> _TASK_:
From the line containing "In the valley" down to the final line of the entries below, return each line exactly and drop the pictures.

> _TASK DATA_:
[Start of section]
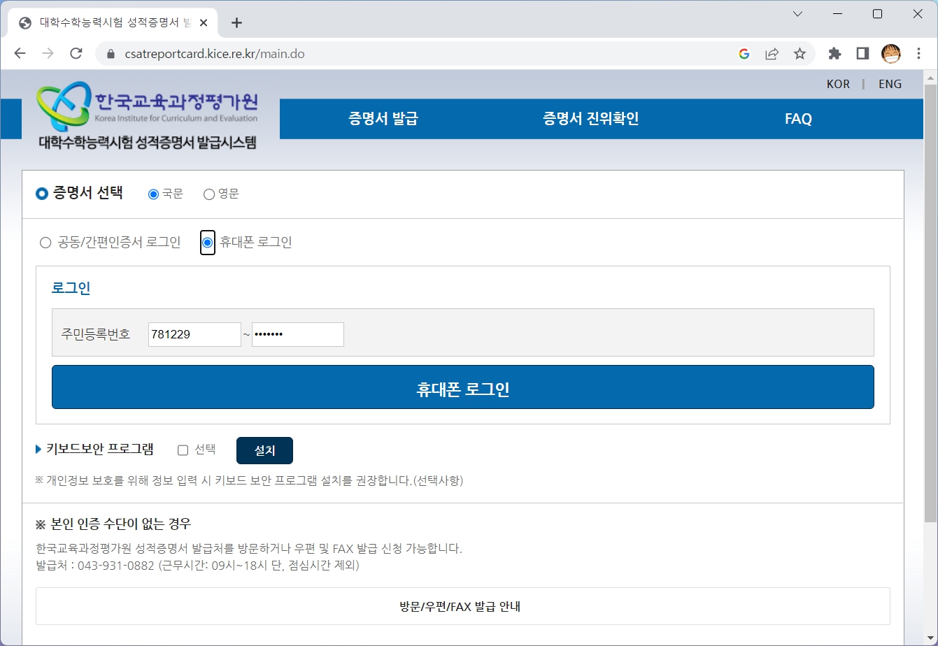 이제 막 수능을 본 수험생의 경우 위의 인증서가 없을 가능성이 높겠죠? 이 경우에는 휴대폰 로그인을 이용하시면 됩니다.
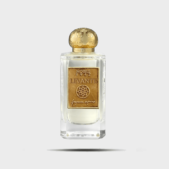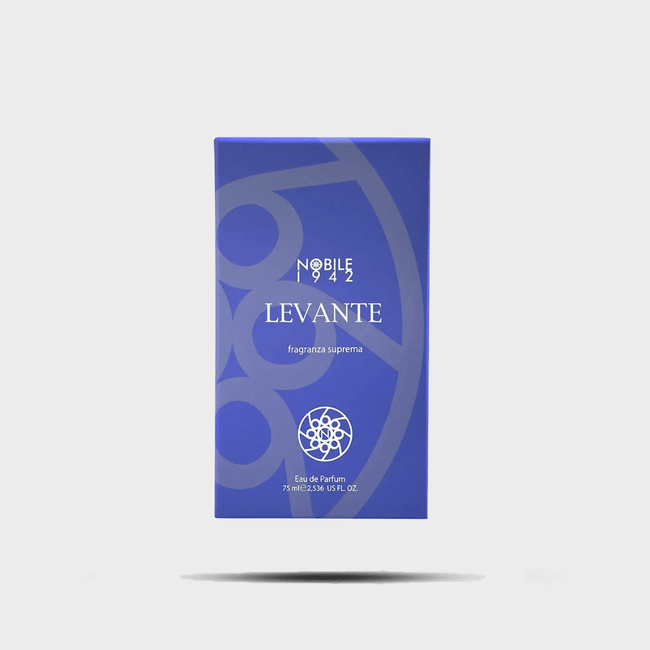 Levante by Nobile 1942 is a luminous oriental-amber fragrance, blending fresh marine accords with a sensual gourmand base. It opens with airy sea notes, white florals, and jasmine, followed by a heart of patchouli and cedar. The dry-down is rich and addictive with vanilla, caramel, benzoin, resins, and musk, evoking warmth and sophistication.
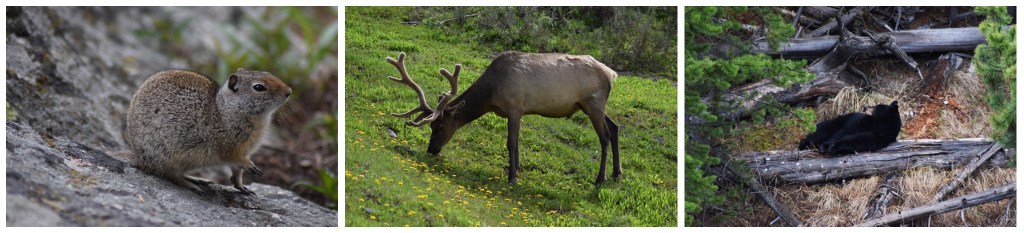 In the valley itself, there were many bison herds, full of young calves, grazing near the road and occasionally crossing it. We also saw pronghorn deer, ground squirrels, a bald eagle, and a sandhill crane. The animals certainly did not mind the cooler temperatures and misting rain.
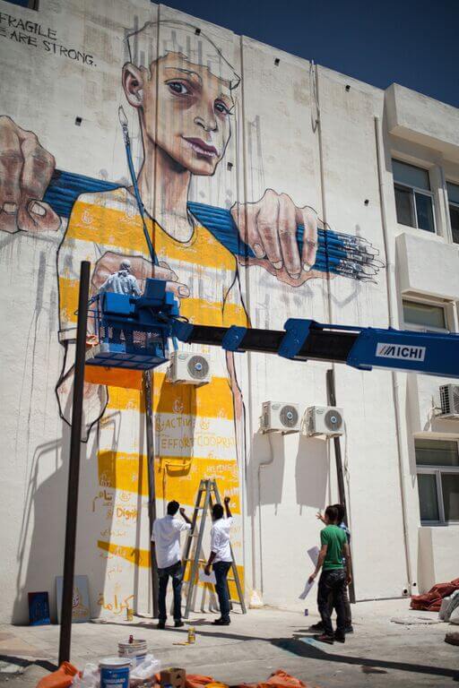 This project was made possible by the enthusiasm and support of both refugee and host communities in Jordan. It was implemented by UNHCR and aptART with the support of Montana Cans (always sending colours to the most remote destinations), Norwegian Refugee Council and IRD (International Relief and Development).
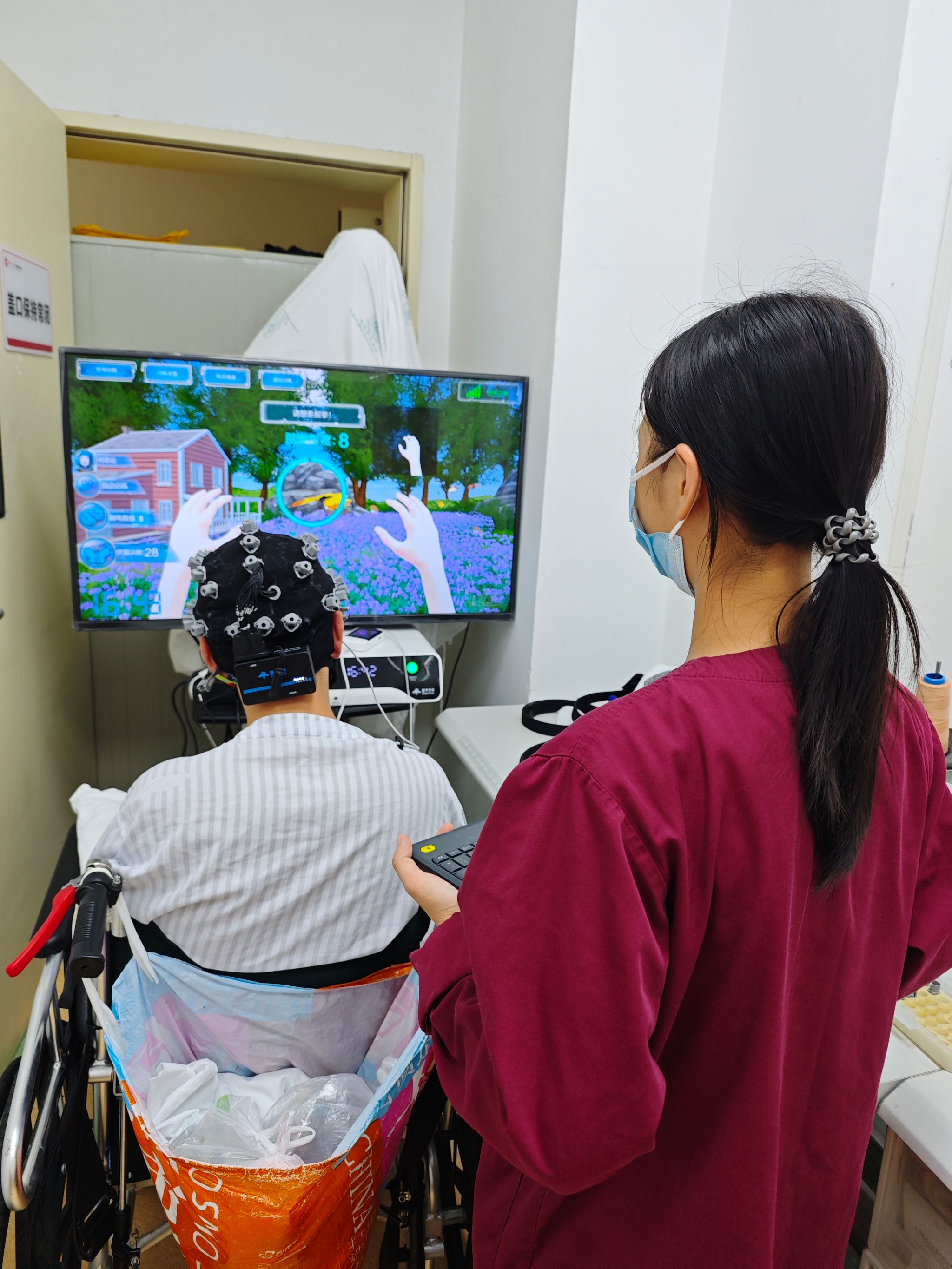 我系师生在中山七院康复医学科的脑机接口康复应用实践操作。
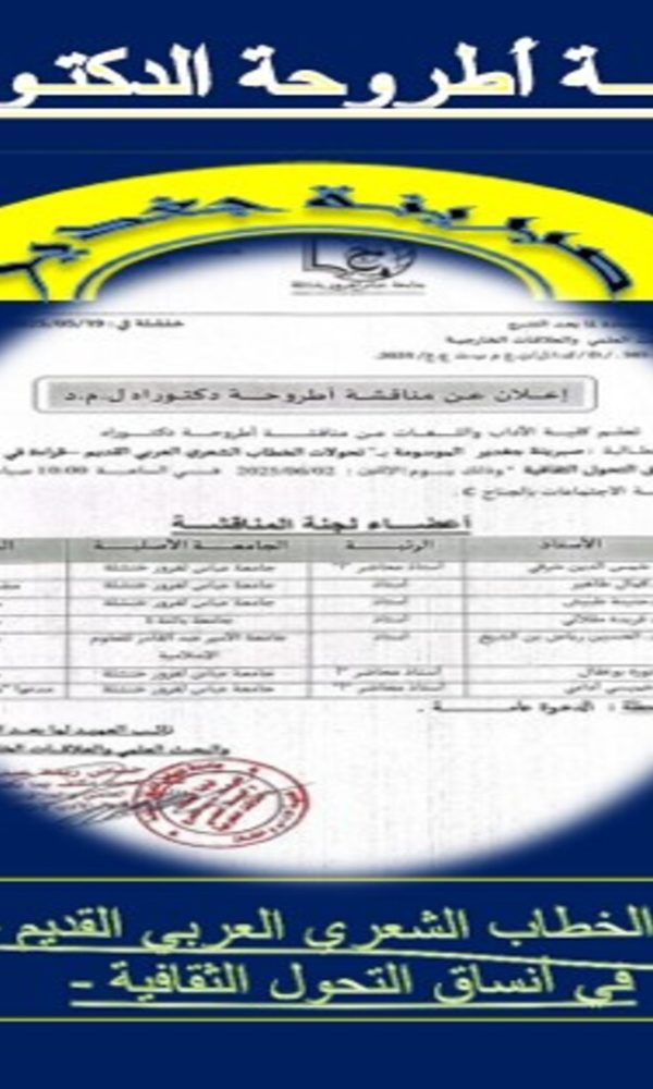 Department of Arabic Language and LiteratureAnnouncement The department administration informs the following students that they must report to the department administration tomorrow, Wednesday, June 18, 2025, at 2:00 PM, regarding a matter of concern to them. L2: Nadia Haji L3: Basma Hafyane L3: Asmaa Darwich L3: Balaidi Imane L1: Said Rayane L1: Fatima Zohra Tebib ... اقرأ أكثر
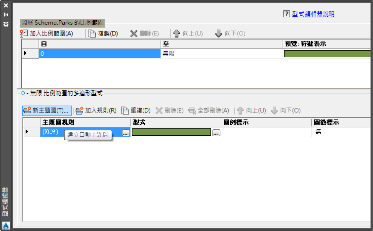 按一下「新主題圖」以為「Parcels」圖層定義主題圖。
[End of section]
> _YOUR SOLUTION_:
 In the valley itself, there were many bison herds, full of young calves, grazing near the road and occasionally crossing it. We also saw pronghorn deer, ground squirrels, a bald eagle, and a sandhill crane. The animals certainly did not mind the cooler temperatures and misting rain.
 This project was made possible by the enthusiasm and support of both refugee and host communities in Jordan. It was implemented by UNHCR and aptART with the support of Montana Cans (always sending colours to the most remote destinations), Norwegian Refugee Council and IRD (International Relief and Development).
 我系师生在中山七院康复医学科的脑机接口康复应用实践操作。
 Department of Arabic Language and LiteratureAnnouncement The department administration informs the following students that they must report to the department administration tomorrow, Wednesday, June 18, 2025, at 2:00 PM, regarding a matter of concern to them. L2: Nadia Haji L3: Basma Hafyane L3: Asmaa Darwich L3: Balaidi Imane L1: Said Rayane L1: Fatima Zohra Tebib ... اقرأ أكثر
 按一下「新主題圖」以為「Parcels」圖層定義主題圖。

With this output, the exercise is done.